Beginning at the line that contains "Unique Designer Solid", reproduce the entries below exactly, ending with the line that contains "Engine Alarm, Bilge". Omit each picture.

- _TASK INPUTS_:

>>

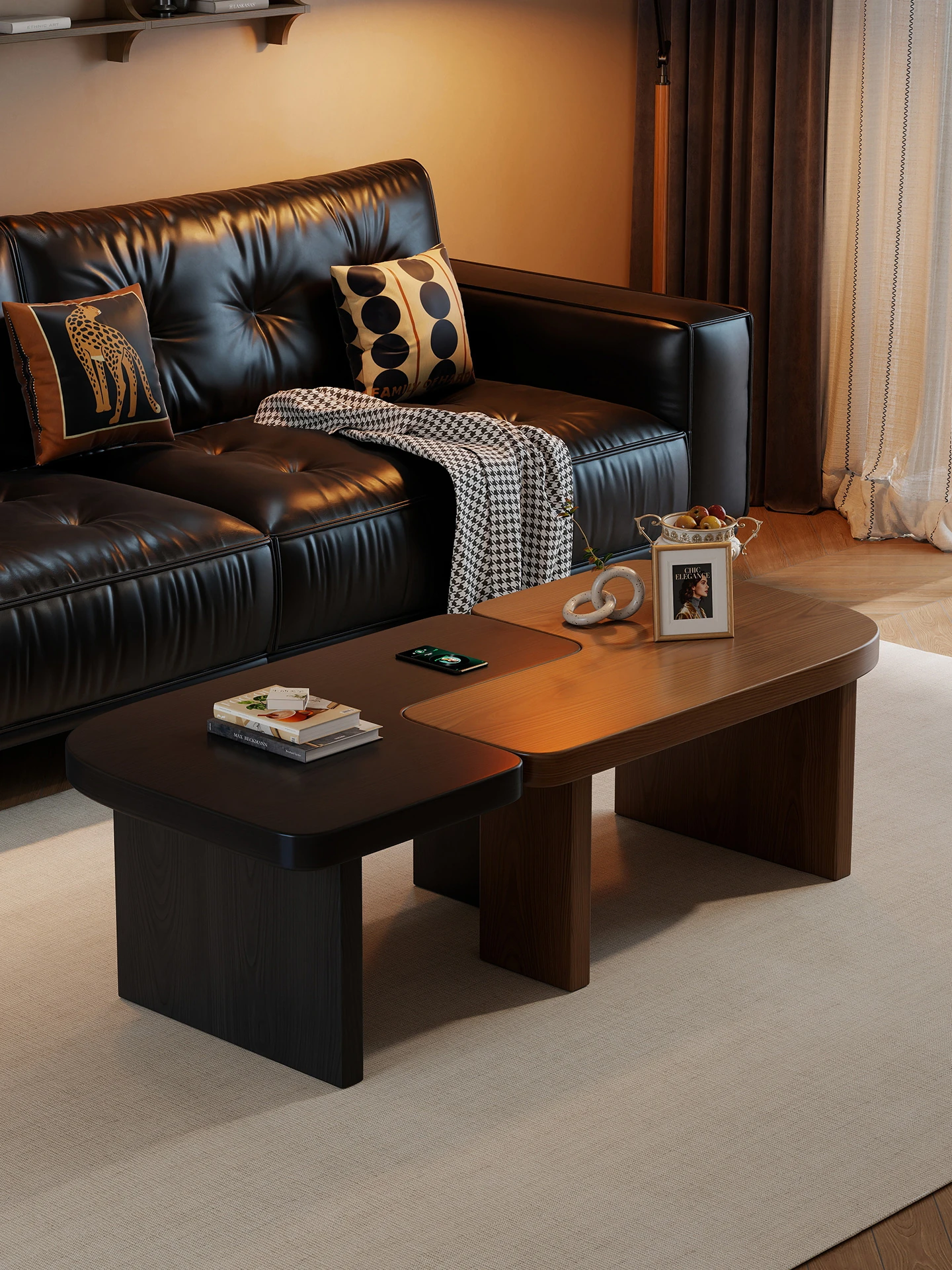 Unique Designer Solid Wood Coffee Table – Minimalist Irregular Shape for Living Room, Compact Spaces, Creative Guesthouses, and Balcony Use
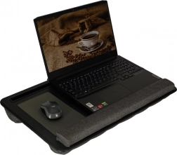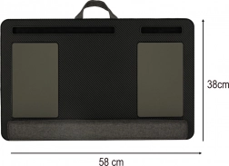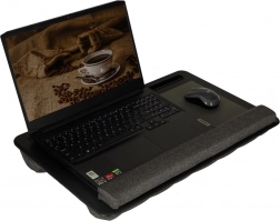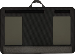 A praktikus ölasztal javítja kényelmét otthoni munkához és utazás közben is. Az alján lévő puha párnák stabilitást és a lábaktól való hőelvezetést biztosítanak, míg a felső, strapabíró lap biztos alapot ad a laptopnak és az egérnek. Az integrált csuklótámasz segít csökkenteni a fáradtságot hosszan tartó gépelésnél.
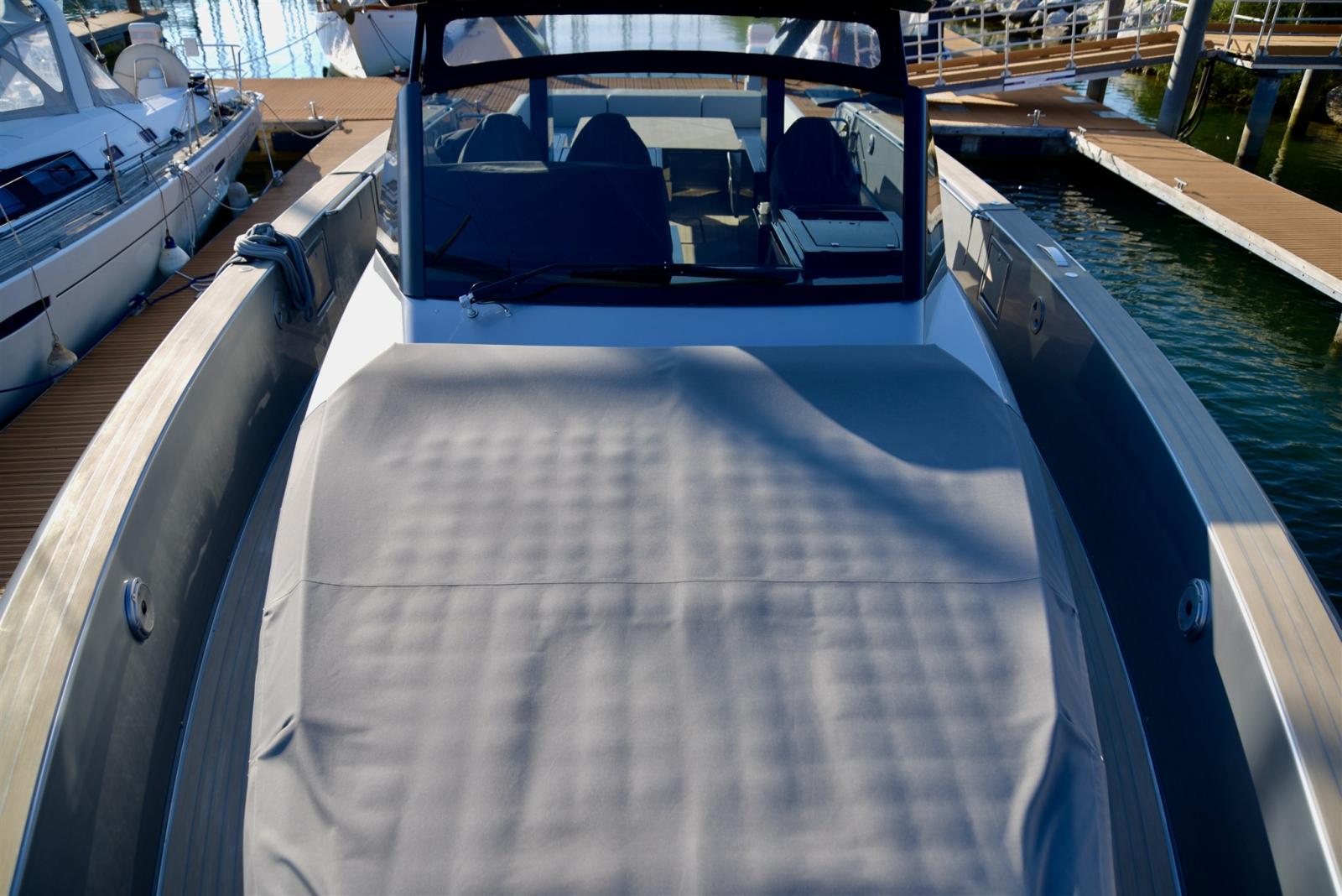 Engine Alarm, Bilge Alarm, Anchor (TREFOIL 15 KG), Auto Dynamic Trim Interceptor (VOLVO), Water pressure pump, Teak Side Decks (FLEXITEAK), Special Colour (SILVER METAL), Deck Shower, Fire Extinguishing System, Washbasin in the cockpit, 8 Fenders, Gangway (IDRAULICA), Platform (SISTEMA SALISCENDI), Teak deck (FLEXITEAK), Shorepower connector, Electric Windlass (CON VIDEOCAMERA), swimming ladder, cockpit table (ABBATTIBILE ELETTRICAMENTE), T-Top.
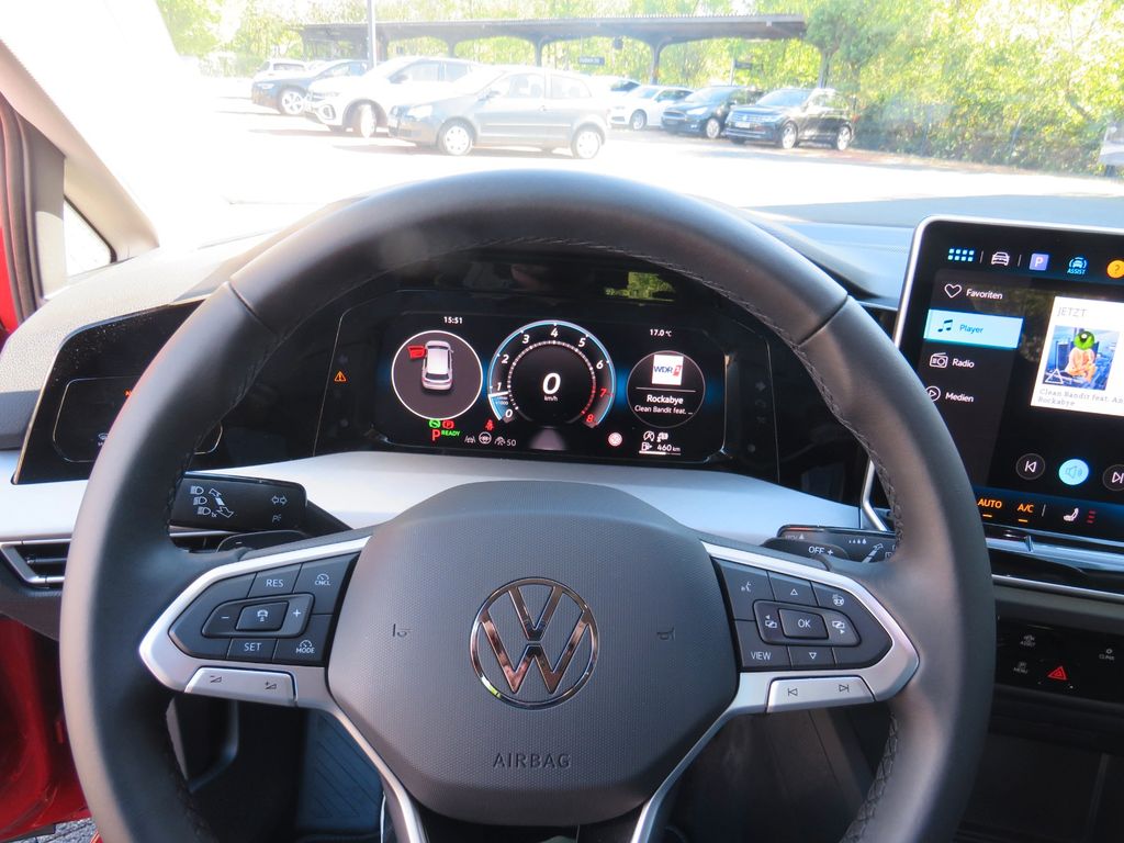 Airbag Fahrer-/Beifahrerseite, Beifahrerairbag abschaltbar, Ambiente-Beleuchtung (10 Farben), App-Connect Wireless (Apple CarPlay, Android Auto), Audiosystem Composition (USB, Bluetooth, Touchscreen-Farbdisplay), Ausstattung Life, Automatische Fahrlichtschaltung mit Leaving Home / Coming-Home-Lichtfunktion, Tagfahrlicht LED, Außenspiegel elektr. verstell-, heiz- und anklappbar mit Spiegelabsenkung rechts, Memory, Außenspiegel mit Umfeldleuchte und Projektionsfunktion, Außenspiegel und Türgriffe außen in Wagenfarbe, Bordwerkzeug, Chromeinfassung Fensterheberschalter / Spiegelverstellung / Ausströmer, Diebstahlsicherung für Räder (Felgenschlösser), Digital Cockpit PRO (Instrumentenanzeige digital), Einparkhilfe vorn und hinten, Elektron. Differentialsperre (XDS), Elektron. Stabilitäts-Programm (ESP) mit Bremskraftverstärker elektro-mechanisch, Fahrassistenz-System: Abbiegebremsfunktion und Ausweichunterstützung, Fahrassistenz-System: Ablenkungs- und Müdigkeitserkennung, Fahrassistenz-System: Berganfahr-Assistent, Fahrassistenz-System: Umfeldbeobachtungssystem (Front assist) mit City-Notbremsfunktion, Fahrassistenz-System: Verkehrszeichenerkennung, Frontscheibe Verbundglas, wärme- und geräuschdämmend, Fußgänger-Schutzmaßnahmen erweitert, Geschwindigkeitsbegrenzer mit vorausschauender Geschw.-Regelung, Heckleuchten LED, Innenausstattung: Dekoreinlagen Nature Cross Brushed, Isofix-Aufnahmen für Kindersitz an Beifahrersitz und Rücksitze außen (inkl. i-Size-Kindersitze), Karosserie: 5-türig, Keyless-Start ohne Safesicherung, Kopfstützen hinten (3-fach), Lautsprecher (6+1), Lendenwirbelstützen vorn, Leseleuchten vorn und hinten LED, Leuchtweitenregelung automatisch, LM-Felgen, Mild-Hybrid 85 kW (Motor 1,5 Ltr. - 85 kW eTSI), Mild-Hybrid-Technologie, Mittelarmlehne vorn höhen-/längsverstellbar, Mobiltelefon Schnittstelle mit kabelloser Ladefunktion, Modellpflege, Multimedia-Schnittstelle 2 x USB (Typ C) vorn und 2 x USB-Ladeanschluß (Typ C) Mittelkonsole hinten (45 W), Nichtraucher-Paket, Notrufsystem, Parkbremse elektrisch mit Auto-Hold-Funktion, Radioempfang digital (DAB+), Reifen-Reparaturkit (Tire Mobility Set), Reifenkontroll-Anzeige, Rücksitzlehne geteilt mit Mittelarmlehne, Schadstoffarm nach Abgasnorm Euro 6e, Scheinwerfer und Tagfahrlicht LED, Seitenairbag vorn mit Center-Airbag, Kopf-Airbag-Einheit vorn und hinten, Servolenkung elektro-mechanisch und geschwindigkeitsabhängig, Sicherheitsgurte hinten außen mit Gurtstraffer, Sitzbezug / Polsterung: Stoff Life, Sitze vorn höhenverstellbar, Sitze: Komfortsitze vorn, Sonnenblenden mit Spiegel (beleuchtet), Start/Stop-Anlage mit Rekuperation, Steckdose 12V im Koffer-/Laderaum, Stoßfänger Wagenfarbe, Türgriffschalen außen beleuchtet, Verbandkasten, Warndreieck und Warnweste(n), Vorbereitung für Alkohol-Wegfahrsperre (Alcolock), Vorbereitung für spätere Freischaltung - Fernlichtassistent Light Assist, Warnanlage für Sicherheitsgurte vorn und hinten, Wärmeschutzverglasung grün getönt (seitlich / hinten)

<<
>>

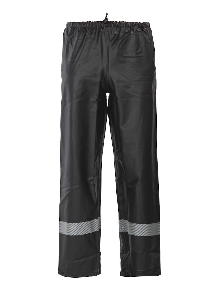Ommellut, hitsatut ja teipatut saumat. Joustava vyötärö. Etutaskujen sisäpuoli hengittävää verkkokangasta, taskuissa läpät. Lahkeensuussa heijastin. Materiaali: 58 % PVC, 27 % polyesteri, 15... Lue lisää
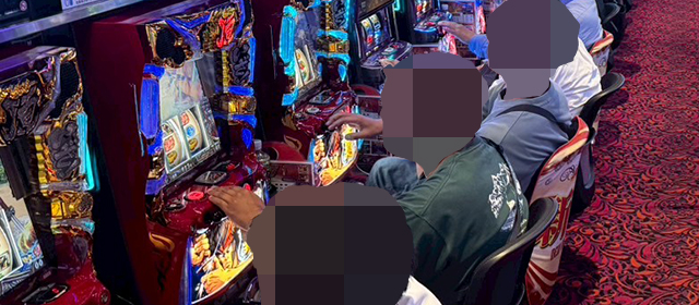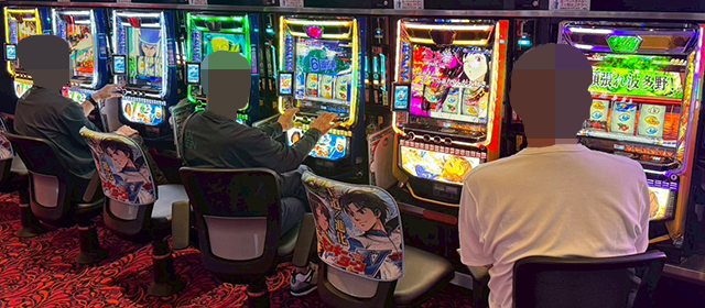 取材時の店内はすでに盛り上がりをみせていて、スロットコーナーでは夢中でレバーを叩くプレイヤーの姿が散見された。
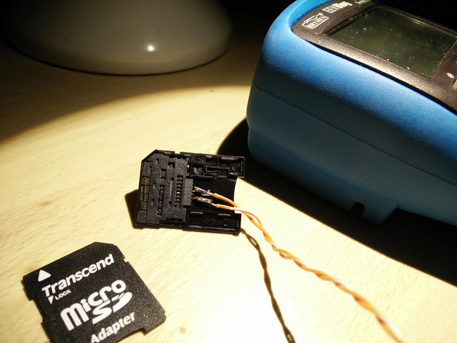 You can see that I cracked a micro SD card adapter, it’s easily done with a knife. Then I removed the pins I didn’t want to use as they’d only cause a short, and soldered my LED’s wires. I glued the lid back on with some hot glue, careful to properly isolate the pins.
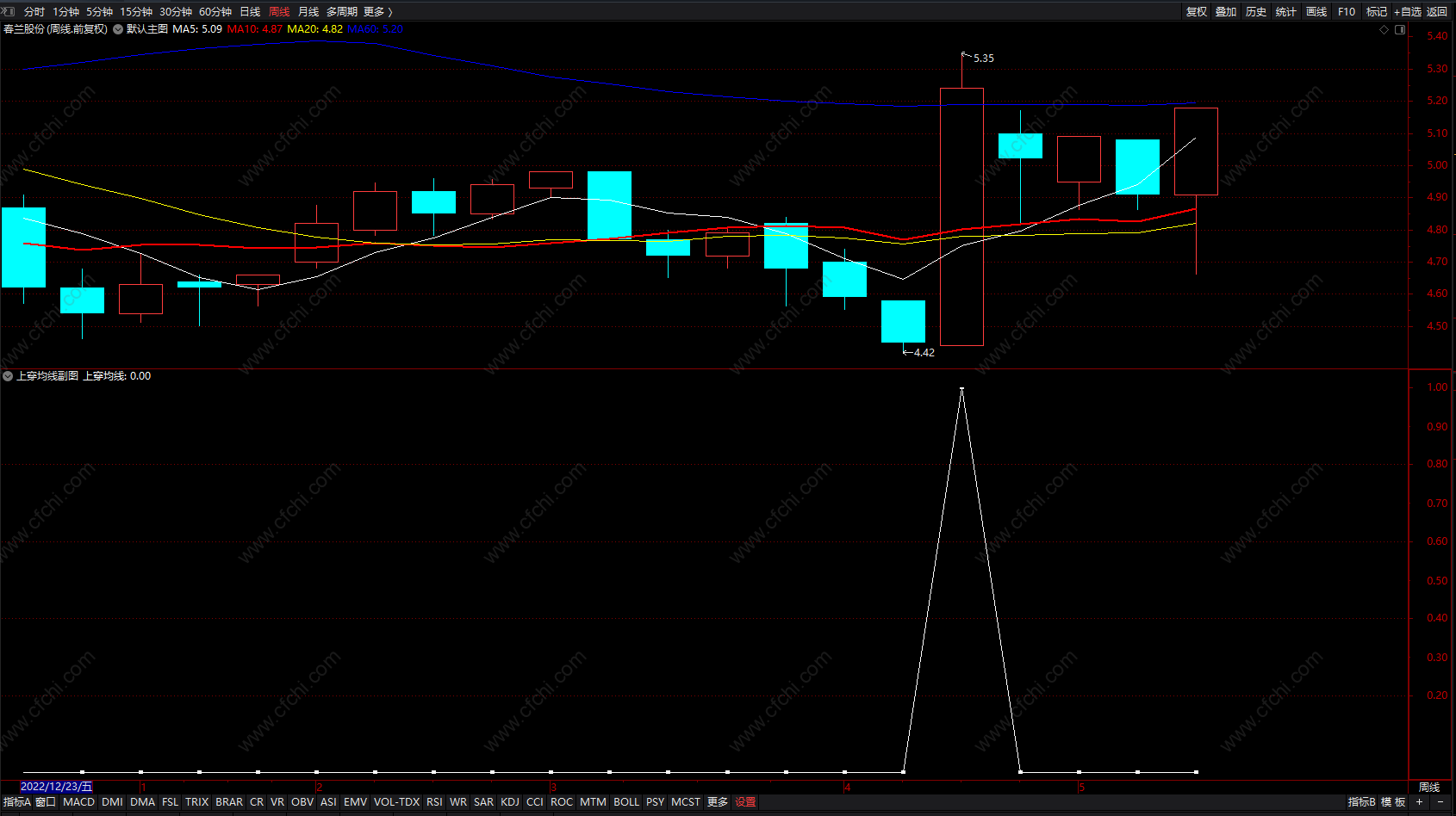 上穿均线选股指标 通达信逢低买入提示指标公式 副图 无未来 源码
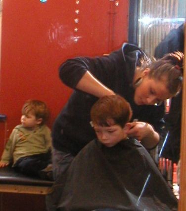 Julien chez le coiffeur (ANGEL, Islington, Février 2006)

<<

- _EXERCISE SOLUTION_:
 Unique Designer Solid Wood Coffee Table – Minimalist Irregular Shape for Living Room, Compact Spaces, Creative Guesthouses, and Balcony Use
 A praktikus ölasztal javítja kényelmét otthoni munkához és utazás közben is. Az alján lévő puha párnák stabilitást és a lábaktól való hőelvezetést biztosítanak, míg a felső, strapabíró lap biztos alapot ad a laptopnak és az egérnek. Az integrált csuklótámasz segít csökkenteni a fáradtságot hosszan tartó gépelésnél.
 Engine Alarm, Bilge Alarm, Anchor (TREFOIL 15 KG), Auto Dynamic Trim Interceptor (VOLVO), Water pressure pump, Teak Side Decks (FLEXITEAK), Special Colour (SILVER METAL), Deck Shower, Fire Extinguishing System, Washbasin in the cockpit, 8 Fenders, Gangway (IDRAULICA), Platform (SISTEMA SALISCENDI), Teak deck (FLEXITEAK), Shorepower connector, Electric Windlass (CON VIDEOCAMERA), swimming ladder, cockpit table (ABBATTIBILE ELETTRICAMENTE), T-Top.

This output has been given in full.